Мария не убежала на войну, хотя уехать с Антуаном ей очень хотелось. Николь, можно сказать, поймала ее на лету – чем чем, а интуицией Бог ее не обидел.

Мария хотела бы задержаться в Марселе, но Антуан рвался в Париж, чтобы там определиться в войне против немцев; доктору Франсуа не терпелось вернуться в Тунизию к изучению на месте любезных его сердцу берберских наречий; Клодин все вздыхала о своей горькой участи няньки при Николь, а особенно часто о том, как же там, в Тунизии, будет теперь жить ее муж “без горячего”; Николь угнетала своим полным безразличием к жизненным планам и Мари, и Антуана, и Франсуа, и Клодин, и вообще всех на свете, включая и самою себя. Словом, все шло к тому, что и Рождество, и Новый 1942 год они встретят порознь. Так оно и случилось.

Мария проводила Антуана в Париж ранним-ранним, еще полутемным утром 17 декабря с железнодорожного вокзала Сен-Шарль, с того самого, откуда она провожала однажды Николь и Шарля.

Прощание с Антуаном вышло какое-то скомканное.

По дороге на вокзал они прокололи автомобильную шину. Пришлось менять колесо. Минут пятнадцать искали гаечный ключ, которого не оказалось в ящике для инструментов. Нашли в промасленной ветоши. Времени оставалось в обрез.

От привокзальной площади до здания вокзала бежали бегом. Потом продирались сквозь полусонную толпу внутри вокзала на перрон. Тяжелый дух сгрудившихся тел неприятно поразил острое обоняние Марии, ей вспомнилась толпа на севастопольском пирсе, и на мгновение вернулось то же самое отчаяние, что было тогда, в неполных пятнадцать лет, – отчаяние вечной разлуки.
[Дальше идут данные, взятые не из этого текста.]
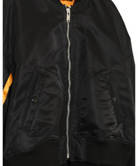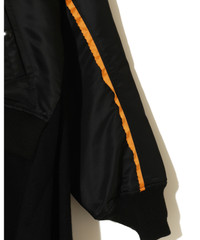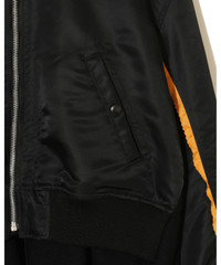 -Nylon twill MA-1 jacket -Cashmere blend wool stole layered design -Welt pocket on the front MATERIAL SURFACE1: 100% NYLON SURFACE2: 90% WOOL,10% CASHMERE SURFACE3: 62% SILK,38% POLYESTER SURFACE4: 100% POLYESTER RIB: 70% ACRYLIC, 30% WOOL

А поезд уже тронулся с места. Прежде чем вскочить на подножку, Антуан едва успел чмокнуть ее в щеку.

Еще минута, и чугунный фонарный столб заслонил стоявшего в тамбуре мужа, и он скрылся из поля зрения Марии.

А там белесый утренний туман поглотил и подпрыгивающий на стыках красный огонек хвостового вагона.
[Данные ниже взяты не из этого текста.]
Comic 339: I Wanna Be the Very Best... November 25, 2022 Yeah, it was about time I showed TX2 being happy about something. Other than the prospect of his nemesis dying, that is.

Возвращаясь к дому Николь, Мария проехала вдоль набережной Конебьер, мимо роскошного отеля “Ноай”, где когда-то, как казалось теперь, совсем в другой жизни, она встречалась с юным Михаилом; мимо отеля напротив бистро, в котором он скрылся навсегда со своей милой простенькой девушкой. Душа Марии не дрогнула. Конечно, она вспомнила все в мельчайших подробностях, но вспоминать-то, по существу, было нечего.
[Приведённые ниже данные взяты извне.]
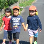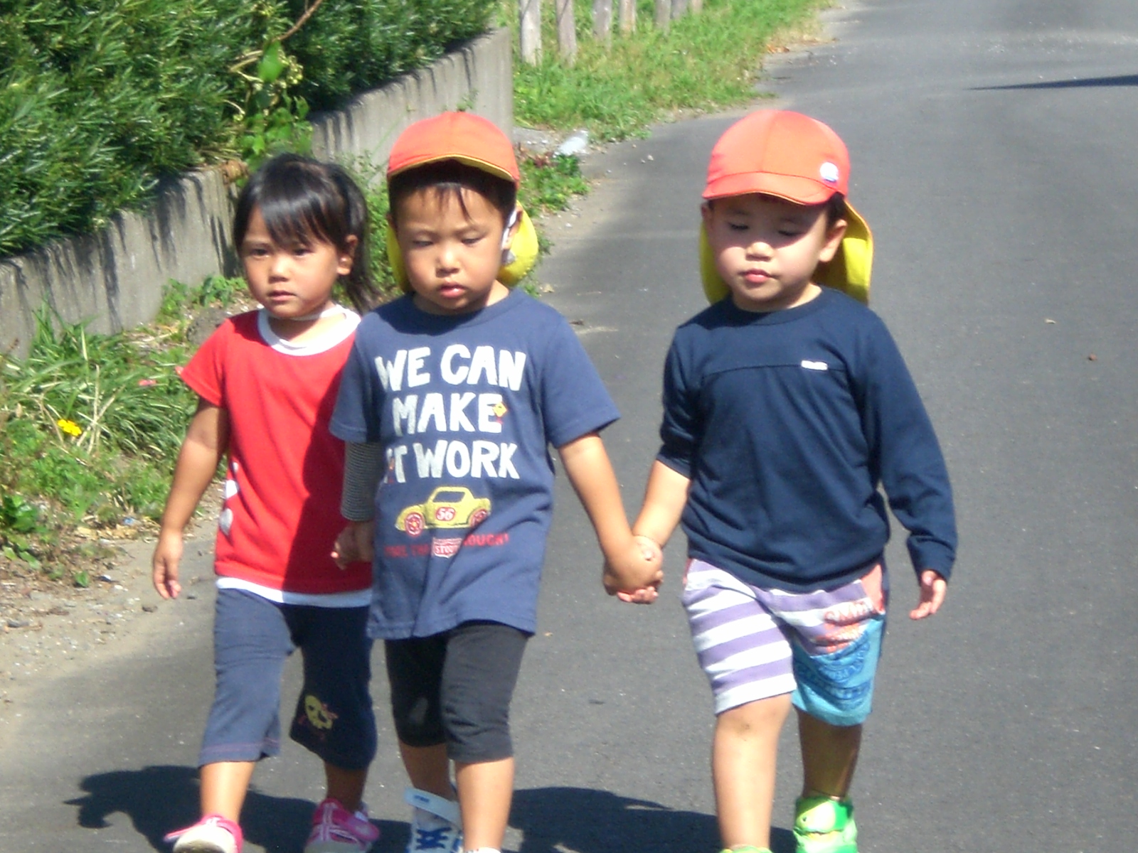 うさぎ組さんは、おててをつないで散歩に出かけましたよ。

Они отплыли из Марселя в Бизерту в ночь с 18-го на 19 декабря. Иван Павлович и Мария по очереди несли вахту, а доктор Франсуа занимал их своими познаниями в русском языке. Штурвал доктору не доверяли, а торчать в своей каюте ему было и скучно, и совестно. В те часы, когда у руля стояла Мария, доктор Франсуа находился возле нее неотлучно, а в вахту Ивана Павловича позволял себе вздремнуть часа полтора, максимум два. Так что все трое находились в жестком рабочем графике. Как и путь в Марсель, дорога домой в Тунизию предстояла нешуточная. В море их могли расстрелять и французы, и англичане, и немцы. Яхта шла без опознавательных знаков, как ни странно, это был единственно правильный выбор. После трагедии 3 июля 1940 года в бухте военно-морской базы Мерс-Эль-Кебир отношения между французами, немцами и англичанами запутались окончательно*.

 

* В этот день, а точнее, в 5 часов 54 минуты утра, корабли Британского королевского флота открыли огонь на поражение по запертым в алжирской бухте Мерс-Эль-Кебир отборным соединениям военно-морского флота Франции, в то время четвертого по величине флота в мире после флотов Англии, Советского Союза и Соединенных Штатов Америки. Потери французов были огромные: более 1200 офицеров и матросов похоронено только в Мерс-Эль-Кебире, многие пропали без вести.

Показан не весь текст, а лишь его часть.